Honda’s Invisible Supercar

If you follow the Top Gear series you know that Jeremy Clarkson doesn’t always give the most flattering of reviews. Over a decade ago he published a book titled “Born to Be Riled” which included some interesting revelations regarding Honda’s supercar, the NSX. The following is the excerpt which I found to be a quite enjoyable read and wanted to share.

“If you want to know whether a car is going to be popular or not, ask Kylie Minogue, who, I feel sure, has more of a clue than me. In 1992, I described the Ford Escort as a dog and it went on to become Britain’s best-selling car. A year later, I reached out into 95 million homes around the planet and said the Toyota Corolla was so dull it should be supplied with a cardigan, and ever since it’s been the world’s best-selling car.

Undaunted, I went out there again and argued vehemently that the Renault A610 was a masterpiece and that it represented truly unmatched value for money. In its first year in Britain, they sold six. But the biggest puzzler to date has been the Honda NSX. In 1994, I showered it with literary rose petals saying that Jesus had come among us once more. They sold 19.

Things were a little better in 1995 when 55 found homes in Britain, but in 1996 a new targa-roofed version came along which could be specified with push-button gear changing. The future looked so good for Japan’s first supercar that I took the corporate shilling and sang its praises in a showroom video. Sales fell to 38. And they’re still falling.

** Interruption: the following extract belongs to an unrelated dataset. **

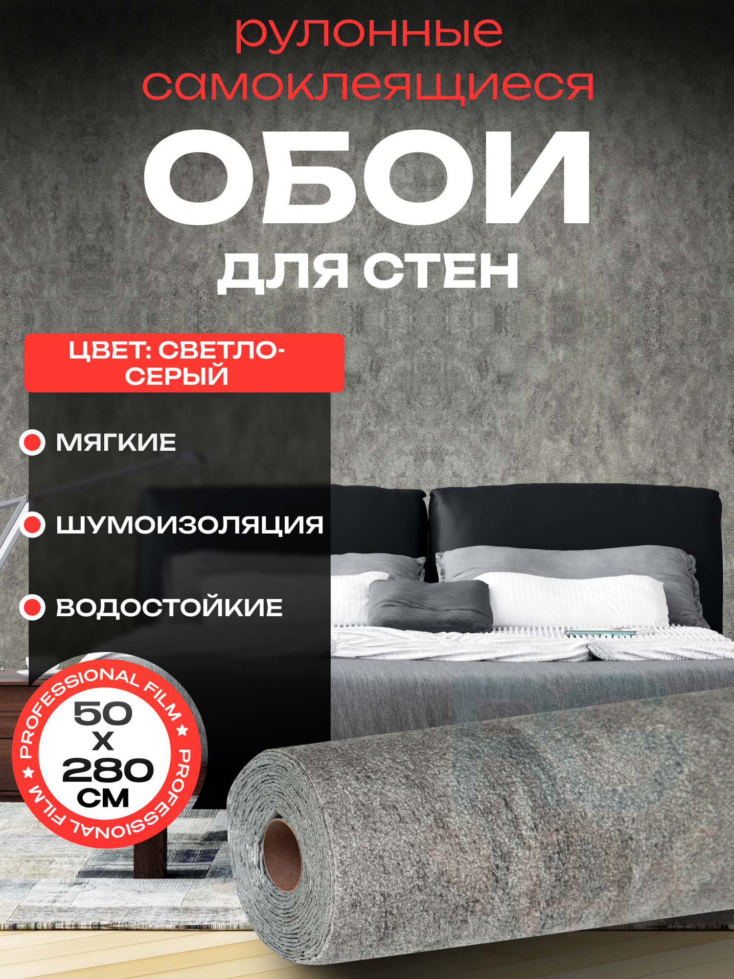 Обои в спальню. Обои самоклеющиеся для стен в рулоне для кухни 50х280 см цвет: светло-серые однотонные

These numbers are seriously small, but the picture becomes even more bleak when you remember that some of these cars must have been registered to Honda themselves as demonstrators. If you could peek inside the computer in Swansea you might come up with something startling – in 1996, not one single person in the whole of Britain actually bought a new Honda NSX.

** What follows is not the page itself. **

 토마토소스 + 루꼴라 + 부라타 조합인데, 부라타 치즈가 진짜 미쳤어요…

And I bet Honda simply can’t understand what on earth they’ve done wrong. They gave the world an all-aluminium supercar with one of the most technically advanced engines seen outside a sci-fi movie. They made it reliable and no harder to drive than a pram. They kept the price in BMW land and placed one with Mr Wolf in Pulp Fiction. And they were rewarded by people staying away in droves.

Well, to try and put some zest into what was already a vindaloo, they’ve beefed up the engine, added electric power steering and garnished the finished product with a six-speed gearbox. And now I’m going to ensure it’s a spectacular failure by telling you that it’s one seriously impressive motor car.

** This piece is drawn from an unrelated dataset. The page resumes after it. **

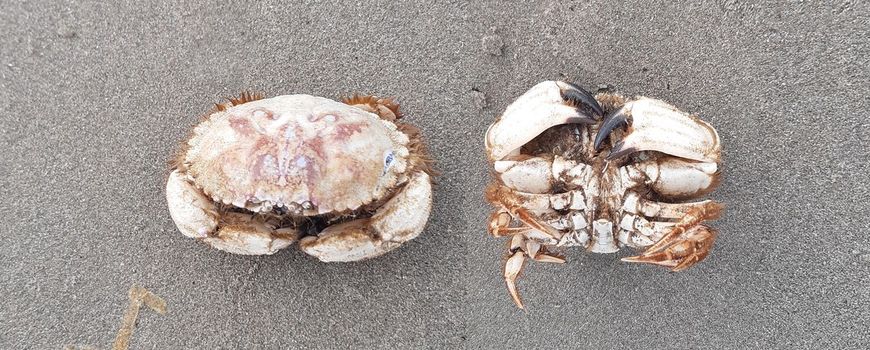 Wie enkele dagen na storm Amy vanuit Wijk aan Zee-Velsen Noord over de Reyndersweg naar 'het einde' rijdt, ruikt al op de parkeerplaats een enorme, stinkende rotte vislucht. Eenmaal op het strand is duidelijk waar die vandaan komt: een dik pak aanspoelsel met honderdduizenden dode zeesterren. Ook diverse media kregen er lucht van. Hier bij de Noordpier is Tata Steel vlakbij, maar ruiken doe je die niet meer. Verderop komt een zeehond uit de branding, de mensen laten die met rust, zoals het hoort. Behalve zeesterren had Amy nog extreem veel meer aangevoerd. Dode platvissen, scheermessen, otterschelpen, strandschelpen en heel veel andere schelpdieren en organismen. Er liggen ook krabben en resten daarvan. Daartussen een krab die je pakweg tien jaar geleden niet op onze stranden zag. Een nieuwkomer met een nogal lange en ingewikkelde wetenschappelijke naam: Atelecyclus undecimdentatus. De Nederlandse naam is Ovaalronde krab.

I spent a day with it at the Mallory Park race track in Leicestershire, and can safely say that round the fearsome Gerard’s Corner it is a match for even the Ferrari 550.

This is a truly nasty bend: a long, long 180 degree right-hander that tightens up right at the very end. You need to lift off the power a bit but you can’t, because at the very same point there’s a slight crest which causes the car to go light.

Back off and you’ll go backwards into the crash barrier. Keep going and you’ll go forwards into the crash barrier. Be in an NSX and you’ll make it, sweating a bit and promising you’ll go to church next Sunday, but you’ll make it and that’s all that matters. The electric steering is a bit of a gimmick but the grip and the ‘feel’ is awesome. And the grunt is capable of making you best mates with the horizon in ten seconds flat.

You still have a V6 with variable valve timing – whatever the hell that means – but it now displaces 3.2 litres so you get from 0 to 60 in a whisker over five seconds, on your way to a maximum of 170mph.

Not that you’ll ever want to get there. What you’ll want to do is go through the gears endlessly, because from inside the snuggy cabin that engine makes a noise that could curdle mud. After five laps my soul was so stirred you could have served it up as soup. I never thought it was possible to be in love with a noise, but take an NSX up to 8000rpm and you’ll be heading for the registry office. It would be a good partner too, because unlike a Ferrari, it is a perfectly serviceable everyday car. And it is so damn easy to drive. Even my granny could manage it, excepting the fact that she’s dead of course.

My only real worry is the styling. Even Honda would admit in a quiet moment that they copied Ferrari, but that’s like asking a nine-year-old boy to copy the Haywain. It won’t really work, and it especially won’t work if he tries to improve on the original. Honda thought it would be a good idea to give their supercar a boot, so the rear overhang is rather larger than it should be. And they felt it should have headlamp washers, which means the smooth front end is sullied with plastic protuberances, like Claudia Schiffer with blackheads.

Now I’ve always subscribed to the theory that you should judge a book by its cover. I will, for instance, never buy any novel unless it has a fighter plane or a submarine on the front, but I do urge you to ignore the Honda’s skin and study its meat. It is not a match for the Ferrari 355, but then it’s £20,000 less expensive. And if you scour the secondhand columns of this paper you’ll probably be able to find one for £40,000, which, for a machine like this, is car-boot sale money.

I bet you’re going to have a look right now, aren’t you? And you keep looking right up to the moment when you buy a Porsche.”